Kitty thought about it for a moment or two. “Yes.”
Thom laughed. “Whatever Devlin wants, when he wants it, however he wants it.”
Kitty laughed with him. “That’s about it, then.” She ran her finger around the rim of her cup. “Can you live with that?”
“Yes.” Thom carefully folded the cloth he’d been using and placed it on the counter just so. He was definitely going to be easier to live with than Devlin. If she had known that years ago, she’d have tried harder to seduce him sooner. “I’m not sure what it says about me that I like not having to make all the decisions,” he continued. “I could get used to Devlin making them for me.”
Kitty wagged her finger at him. “None of that. Give Dev an inch and he’ll take an ell, as the saying goes. Keep some decisions to yourself.”
“Duly noted,” Thom said with a solemn expression belied by the twinkle in his eye. He sighed. “I’m not sure he’s as enthusiastic about this new arrangement as you are.”
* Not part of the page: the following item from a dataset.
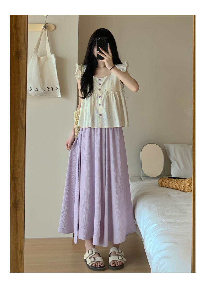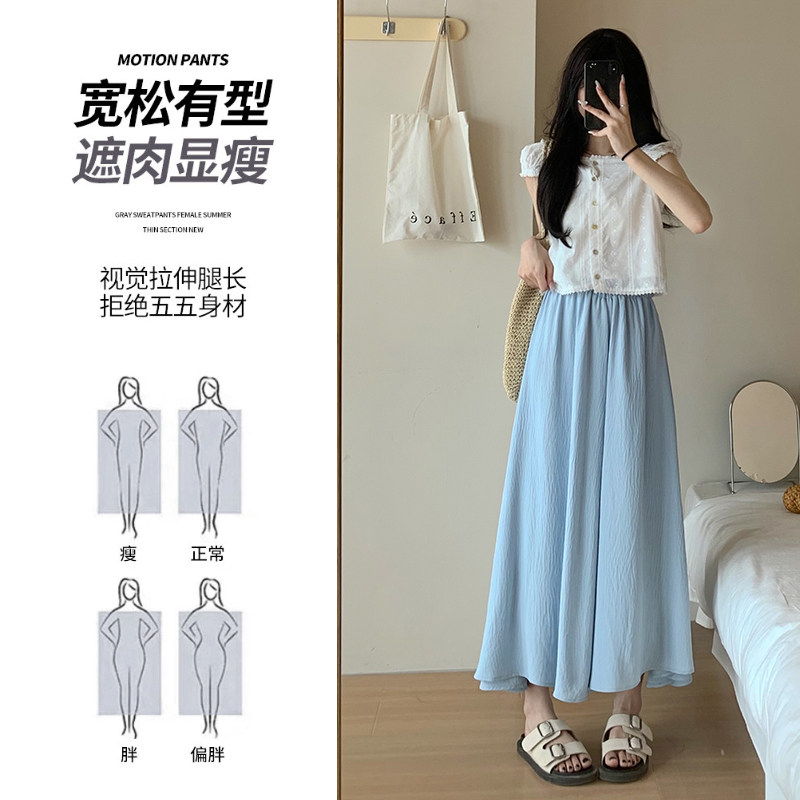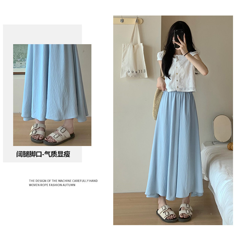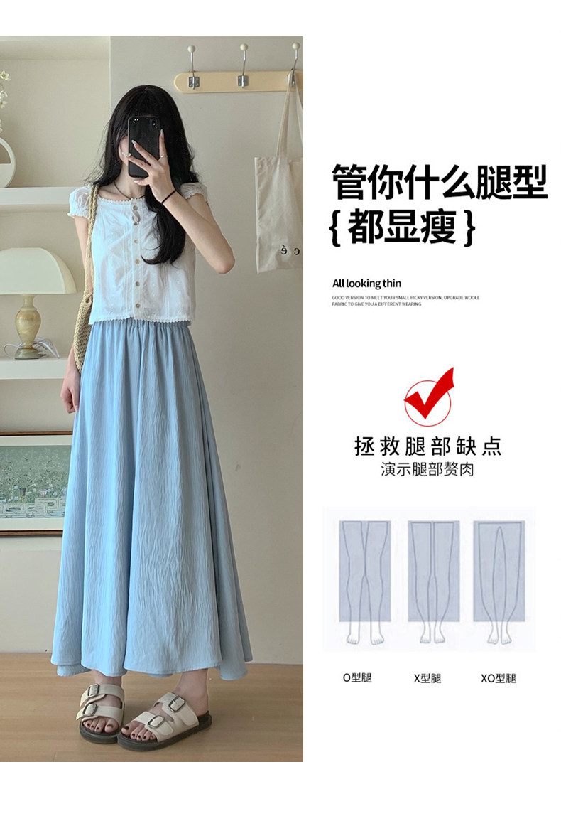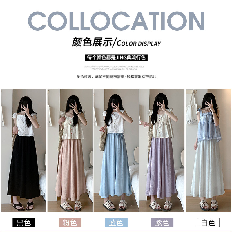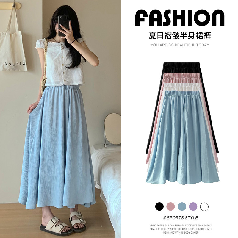 Синяя юбка, тонкие шелковые штаны, А-силуэт, из хлопка и льна, высокая талия
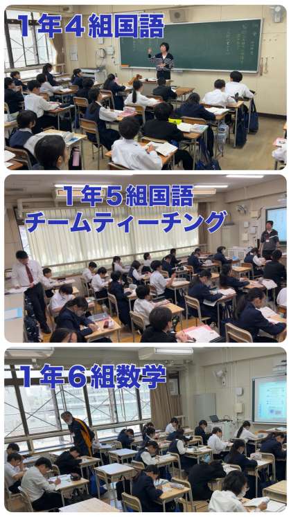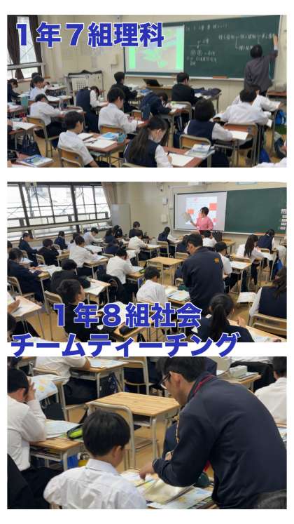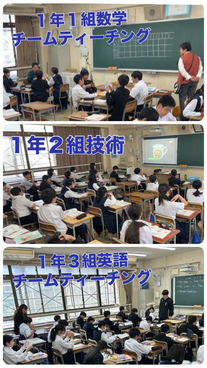 1年生の授業では、1コマの授業を複数の先生で担当する授業形態を積極的に取り入れています。全ての授業とはいきませんが、国語・数学・英語に理科と社会、そして、家庭科の授業で取り組んでいます。東中では、先生方が創意工夫を凝らした授業づくりに取り組み、『No child will be left behind!』(誰も取り残さない)教育を進めています。

“Nonsense,” Kitty said too quickly. She got up and carried her cup over to the counter, not meeting Thom’s gaze. “He knows how much I want this.”
“Kitty.”
She couldn’t ignore the command there. Thom could teach Devlin a thing or two about getting someone’s attention with a few softly spoken words. She faced him.
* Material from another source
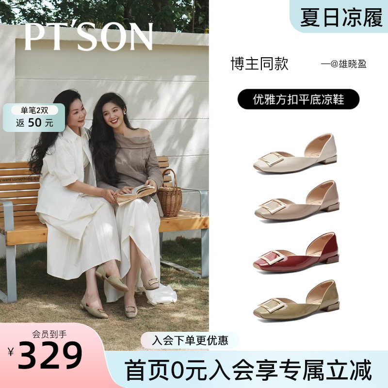康莉真皮方扣单鞋女春夏新款气质通勤百搭浅口平底鞋不累脚小单鞋
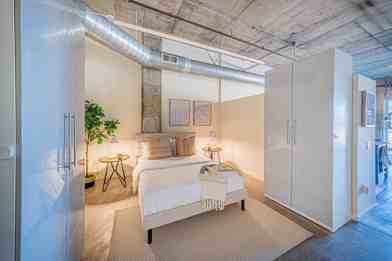 This freshly painted, move-in ready unit is bathed in natural light throughout the day and features a wide, open floor plan with soaring ceilings and rich industrial design elements. Polished concrete floors, exposed piping, and gleaming white walls create a striking contemporary aesthetic.

“I understand that, for some illogical reason, you’ve wanted me for some time.” He held up a hand when she started to speak. “Even you must agree I haven’t been worth much of anything the last few years.”
“No, I don’t,” she argued, crossing her arms. “I always knew you were worth more than five or ten other men put together. You just had a rough time of it, that’s all. But you’re better now, aren’t you?”
“Yes, thanks to you and Devlin. But, Kitty, I’m not sure I would be if it weren’t for you. Do you understand? This,” he motioned to himself, “was done for you two, not for me.”
“But don’t you want to be like this?” she asked, confused. Her heart sank. “Would you still rather be drunk and alone?”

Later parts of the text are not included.